4. Take the time to make your BBQ sauce. It is the most important step in the process. I don’t get the notion of spending all day cooking the meat only to dump a bottled sauce onto it.
5. Don’t cook blindly. Figure out what your temperature and time factors are, and make sure you don’t overcook your food. My goal is to have the meat shredded and tender, but rarely do I smoke or roast something until it is falling off the bone; by then, the meat is often flavorless and dry.
Author Notes: CB Stubblefield — or Stubbs, as he was known — was a legendary pitman, and my BBQ hero. I got to know Stubbs briefly in the mid ’80s when he was serving BBQ at lunchtime at Antones, a blues bar in Austin. I was a photography intern working at the Austin American Statesman and a staffer, Jay Godwin, took me to lunch to teach me about Texas BBQ. It was a lesson in regional cooking and, for me, the birth of my interest in cooking. I will never forget the taste and flavors that Stubbs himself brought to the table. For a young kid from Indiana, it was an eye-opening experience into the diversity of food in America and the diversity of BBQ.
Pulled Pork with Stubbs Sauce
Serves 6 to 8
For the Picnic:
6 1/2 pounds bone-in picnic shoulder (pork shoulder)
3 tablespoons kosher salt plus extra for seasoning
1 1/2 tablespoon brown sugar
2 cups hickory chips, soaked in water for 24 hours then drained
For the Stubbs Sauce:
2 cups Pomi brand strained tomatoes
2 1/2 tablespoons tomato paste
1/2 cup sugar
2 tablespoons molasses
1/2 cup vinegar
1 teaspoon paprika
1/2 teaspoon garlic powder
1/2 teaspoon onion powder
1 teaspoon ancho chile powder
1 tablespoon fresh ground black pepper
Kosher salt, as needed
1. The day before cooking — or up to three days before — combine the salt and brown sugar and carefully rub it into the pork picnic. Set the pork onto a cooling rack that fits onto a sheet tray with edges and put it back into the fridge uncovered. If you plan to go longer than a day in the fridge, cover the meat until 24 hours before you plan to put it into the smoker. Soak some hickory chips in water for 24 hours too.

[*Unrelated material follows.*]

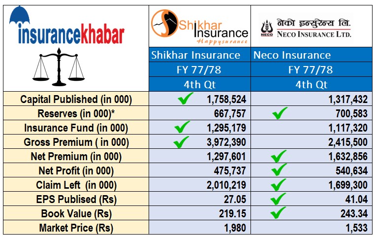 नेको र शिखर इन्स्योरेन्सलाई दाँजेर हेर्दा ?

2. Set up your smoker for indirect heat. If you need help, there are tons of videos on YouTube to help you get the idea.
3. Once your coals are ready, add a third of the hickory chips. Once they begin to smoke, place the pork skin side-up (if it has skin) onto the side of the smoker/grill with no heat. Lower the cover and let the smoking begin. Try not to let the coals heat the interior of the smoker/grill above 200° F. If it does, remove the lid to let out the heat and then replace the lid. Add more chips as needed. Smoke the picnic for anywhere from 40 minutes to 4 hours — it is up to you.
4. You can finish the pork on the grill if you want, or you can place it into a 200˚F oven for a total of 10 hours, including the smoke time. So if you smoked the pork for 40 minutes, then you need to slow-roast it in the oven for another 9 hours and 20 minutes; if you smoked it for 4 hours, it will need 6 in the oven. You get what I am saying?
5. While the pork is cooking, combine all the sauce ingredients in a saucepan. Bring it to a bubble over medium heat. Reduce the heat to a simmer and let the sauce meld for 30 minutes. Taste and adjust as needed. Let the sauce thicken till it coats the back of a spoon then remove it from the heat.
6. When the pork is done, remove it from the oven. As soon as it is cool enough to handle, use two forks to pull the meat from the bone. Do this on a sheet tray so any juices that run get blended back into the pulled pork. The warmer the pork, the easier it is to shred.
7. Blend in enough sauce to wet the pork; or, as I do, serve the sauce on the side so everyone can add it to their liking. Serve as a sandwich or family style, with cornbread, greens, sweet corn, and pickles.